Nonlinear dynamics of energy harvesting system for cantilevered fluid-conveying pipes with stopper

To achieve self-powered sensing when complex dynamics exist in fluid-conveying pipes, a novel piezoelectric energy harvesting configuration of cantilevered fluid-conveying pipes with an integrated stopper is proposed to investigate nonlinear dynamics, and elucidate the dynamic mechanism to enhance the energy harvesting performance. The nonlinear governing equation of this configuration was established by applying Hamilton's principle, and a set of ordinary differential equations was obtained using the Galerkin method. Considering the influence of a piezoelectric layer, the mode shapes with various orders of this configuration were determined by adopting the differential quadrature method. The harmonic balance method combined with the pseudo-arc length extension method was used to track the frequency responses, and the effectiveness of these responses was confirmed by comparing the analytical solutions to the numerical solutions obtained by the Runge-Kutta method.
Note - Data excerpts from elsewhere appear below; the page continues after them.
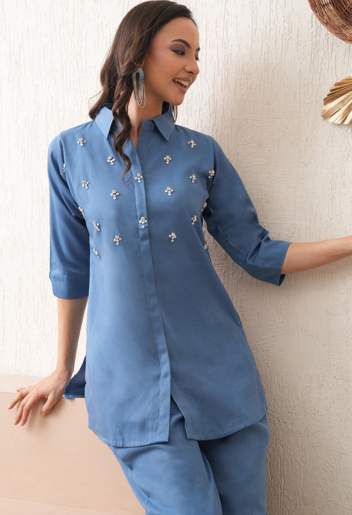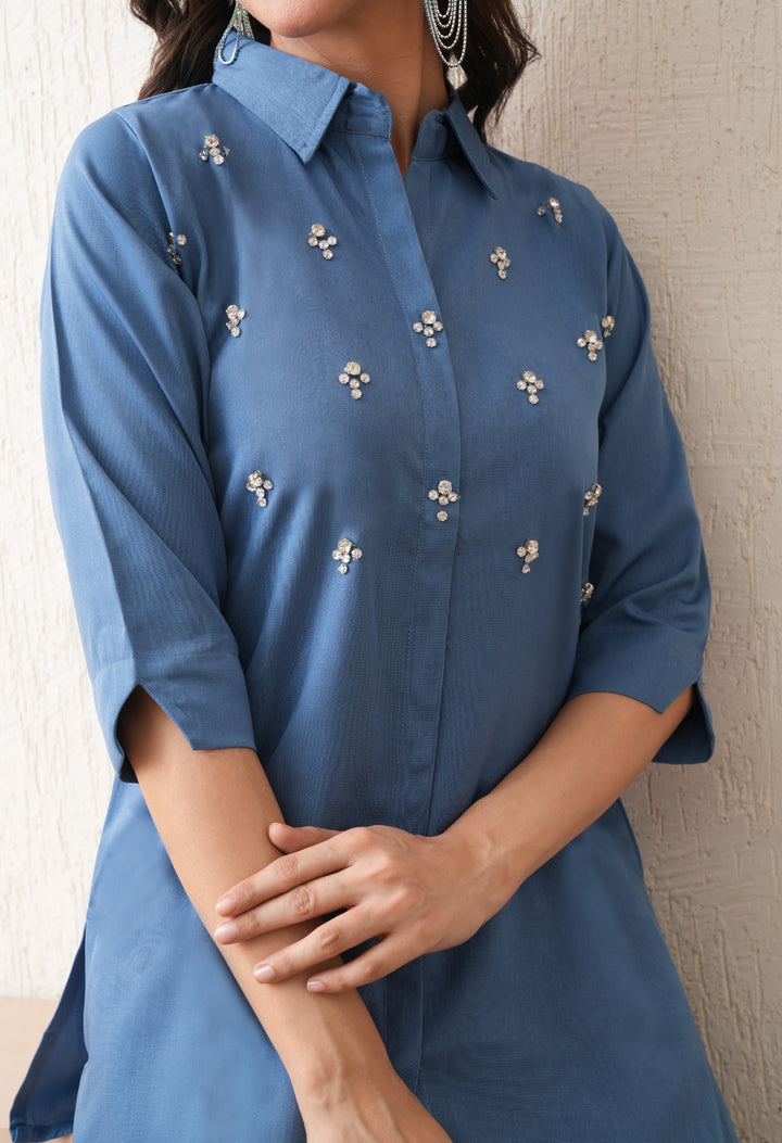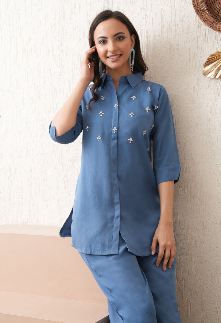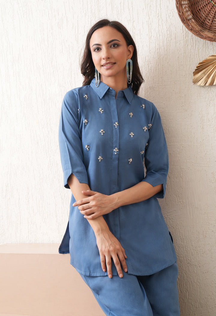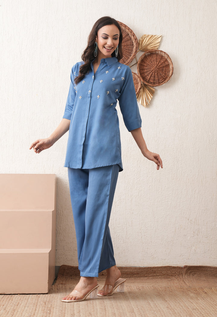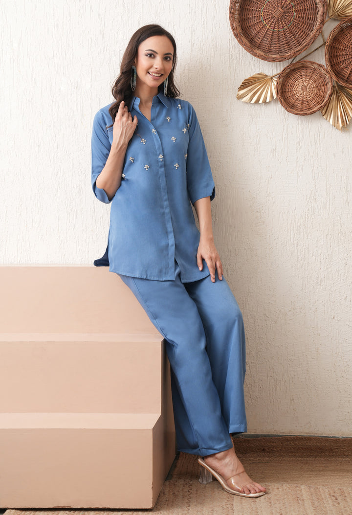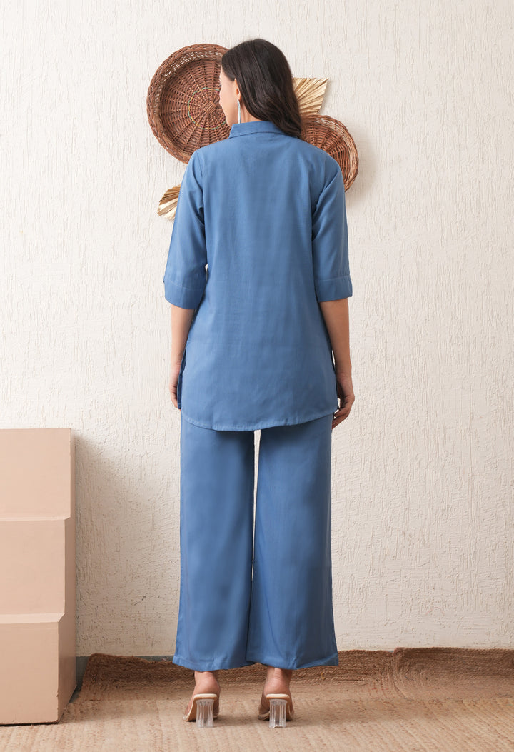 Step into effortless elegance with our Grace Blue Diamond Charm Co-ord Set. Crafted from premium cotton crepe, this chic outfit features subtle diamond work for a refined shimmer. The collared top with 3/4th sleeves pairs beautifully with a breezy plazzo that comes with a handy side pocket - perfect for both casual outings and festive gatherings. Light, comfortable, and fashion-forward - this co-ord set defines relaxed sophistication.
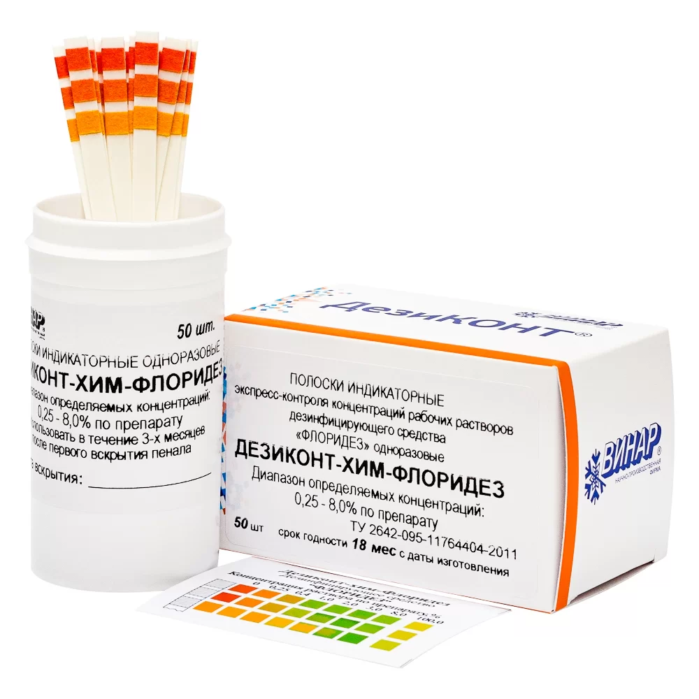 - Каждый индикатор предназначен индивидуально для определённого дезинфицирующего раствора.
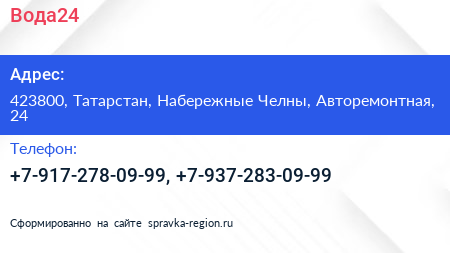 Вода24 по адресу 423800, Татарстан, Набережные Челны, Авторемонтная, 24 в дальнейшем Организация, размещена в следующих категориях:
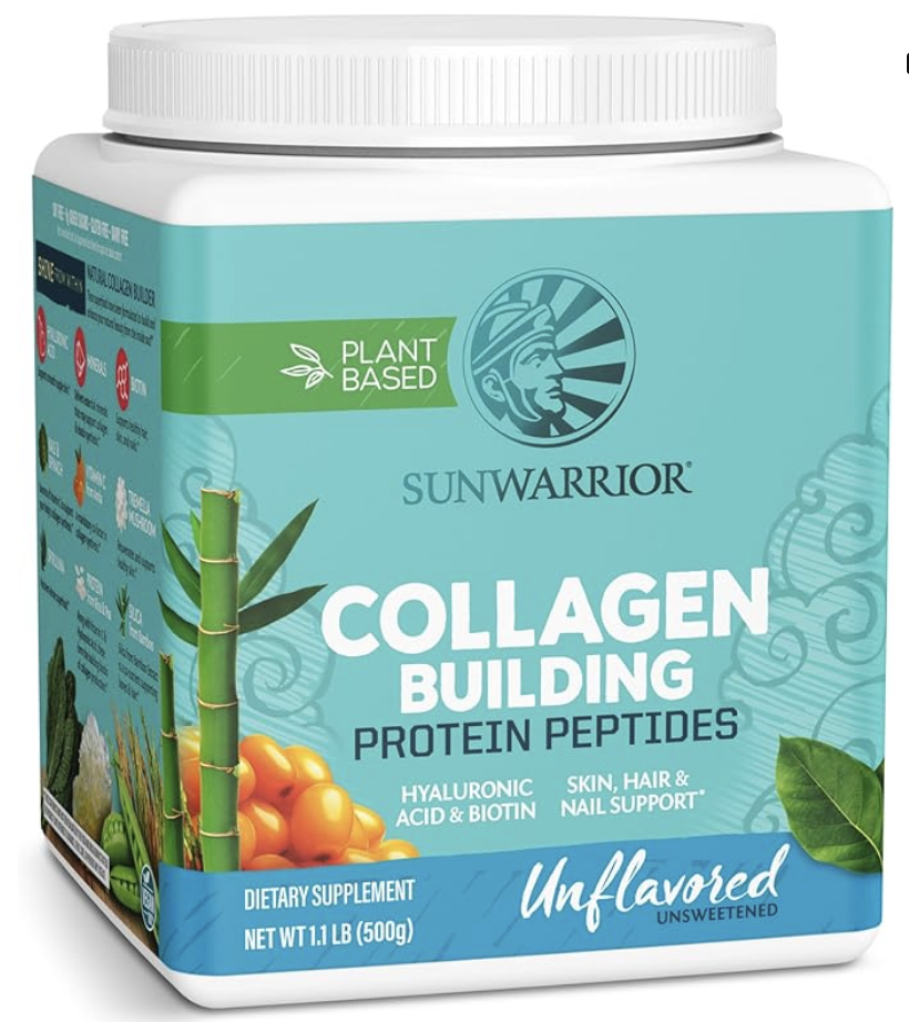 Sunwarrior’s collagen building protein peptides are 100% plant-based, and the ingredients are actually stuff I recognize. Bamboo silica, spirulina, vitamin C from amla, actual foods, not sketchy byproducts.

The global bifurcation diagrams, along with the phase trajectories, power spectra, and Poincar & eacute; maps, are presented to predict complex nonlinear dynamic behaviors, such as the coexistence of the system's periodic motion and chaotic motion. The results reveal that the impact force nonlinearity caused by the stopper can effectively improve the energy harvesting efficiency and make the dynamic behavior exhibit softening or hardening characteristics. Parametric investigations were conducted for the flow velocity, resistance, stiffness, and stopper position. The numerical examples reveal that the proposed system plays an important role in vibration suppression and energy harvesting.